All’altro estremo troviamo Luigi Di Maio. Dopo il successo elettorale del 4 marzo 2018 si trovava ai vertici delle graduatorie di popolarità (al 49%, secondo di un punto solo a Paolo Gentiloni, e davanti anche a Salvini, secondo l’Atlante Politico Demos). Oggi sembra decisamente più in difficoltà. Demos lo colloca a un discreto 45%, ma per Ipsos il gradimento sul suo operato è molto più in basso, al 29%. L’elemento al quale rivolgere più attenzione è però un altro. Di Maio è oggi il leader di governo più polarizzante, più ancora di un maestro di polarizzazione come Matteo Salvini. Ipsos ci dice che nessun elettorato promuove Di Maio, se non il suo, quello Cinquestelle (84%, comunque sotto Conte). Un’ampia maggioranza degli elettori leghisti lo boccia (60%) e il giudizio è severo tra gli elettorati di opposizione. Il 73% di chi vota Fi o Fdi e l’88% di chi vota Pd, +Europa o Verdi esprime una valutazione negativa sul suo operato.

Rileviamo insomma un doppio livello di pressione sul vicepremier del M5S. Pressione interna da Conte, che come abbiamo visto sembra avere un apprezzamento più ampio e trasversale, multipartisan più che bipartisan, anche se nulla ci dice che il gradimento resterebbe intatto in caso di una più diretta esposizione politica. E pressione esterna dagli elettorati degli altri partiti, a cominciare dal partner di governo.
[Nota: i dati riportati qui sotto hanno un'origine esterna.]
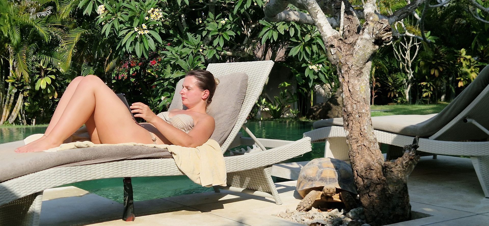 So, aber von vorn: Um geographisch für's Surfen gut zu wohnen, wurde uns das Dörfchen Kuta empfohlen. Kuta befindet sich an der Südküste und uns wurden schöne Unterkünfte, moderne Restaurants/Cafés, günstige lokale Warungs (einfache lokale Restaurants), tolle Massagestudios, Rollerverleihe und Boutiquen sowie ein weiterhin vorhandener authentischer Insel-Vibe versprochen. Klang erstmal toll. Da wir nach dem gemäßigten Klima in Japan jedoch nicht wussten, ob und wie lange wir die schwüle Hitze wieder ertragen können und wollen und wie uns Kuta gefallen würde, buchten wir zunächst nur vier Übernachtungen. Jetzt sitzen wir 2 1/2 Wochen später noch immer hier und ihr könnt euch die Frage, ob es uns gefällt, vermutlich selbst beantworten. Für die, die den Eintrag jedoch nur mit dem halben Gehirn lesen: Wir finden es suuuper hier! Fairerweise müssen wir aber festhalten, dass wir hier keinen sonderlich großen Reiseradius hatten. Und auch wenn die Insel viel zu bieten hat wie z.B. wunderschöne Wasserfälle, Traumstände, einen zu besteigenden Vulkan, traditionelle Dörfer und noch vieles mehr, haben wir die Gegend rund um Kuta nicht wirklich verlassen. Nachdem wir in den letzten Monaten ausschließlich Rundreisen in den von uns besuchten Ländern gemacht haben, war uns einfach nach einer Pause. Und so waren wir auch hinsichtlich der Unterkünfte wenig abwechslungsreich: Die ersten Nächte verbrachten wir in einem tollen Hotel namens Rascals, dann ein paar Nächte im 1 Minute entfernten Jivana, wo freilebende Riesen-Schildkröten auf uns warteten, bevor wir dann für die letzten Tage wieder zurück ins Rascals gingen. Nach unserem Besuch im Jivana wackeln unsere Backpacks übrigens wieder mal ungewöhnlich stark und verschlingen einen Salatkopf nach dem anderen... merkwürdig.

Matteo Salvini si posiziona a metà tra Conte e Di Maio. È secondo molti osservatori il vero leader del governo, sicuramente è il leader del partito più grande (nei sondaggi e nelle elezioni successive alle politiche, ma non in Parlamento). Gli orientamenti dell’opinione pubblica nei suoi confronti ci aiutano a delinearne il profilo, e forse ci forniscono anche qualche spunto per capire le possibili opzioni politiche a sua disposizione. Per Ipsos l’approvazione sul suo operato è al 48%, quindi tre punti sotto Conte. Demos colloca invece l’indice di gradimento di Salvini al 54%, esattamente a metà strada tra Conte e Di Maio.

Ma come si compone questo 48%? C’è un consenso plebiscitario tra chi vota Lega (94%), e questo non stupisce visto che chi vota Lega oggi vota innanzitutto il suo leader. Ma c’è un apprezzamento molto alto (80%) anche tra gli elettori di Fi e Fdi, due partiti che politicamente stanno nell’area del centrodestra ma che formalmente si trovano all’opposizione. Questo bacino è importante perché costituisce potenzialmente il più immediato serbatoio di consenso per Salvini in caso di elezioni anticipate.

E se non possiamo sorprenderci della netta bocciatura che arriva dagli elettori di centrosinistra (l’88% esprime un giudizio negativo sull’operato di Salvini), al contrario colpisce la spaccatura dentro all’elettorato 5 Stelle. Il 47% dà una valutazione positiva, il 51% negativa. Gli elettori M5S sono oggi più “salviniani” di quanto non siano “dimaiani” quelli della Lega. E siccome i dati si riferiscono agli elettori attuali, non a quelli di marzo 2018, si può pensare che il potenziale di assorbimento del consenso 5S non si sia ancora esaurito.

Questi dati, che vanno sempre analizzati con cautela perché l’opinione pubblica è fluida e la popolarità è volatile, sembrano insomma disegnare due leadership forti nel governo, Conte e Salvini. Di queste, tuttavia, solo una sembra avere concrete opzioni elettorali: quella di Matteo Salvini.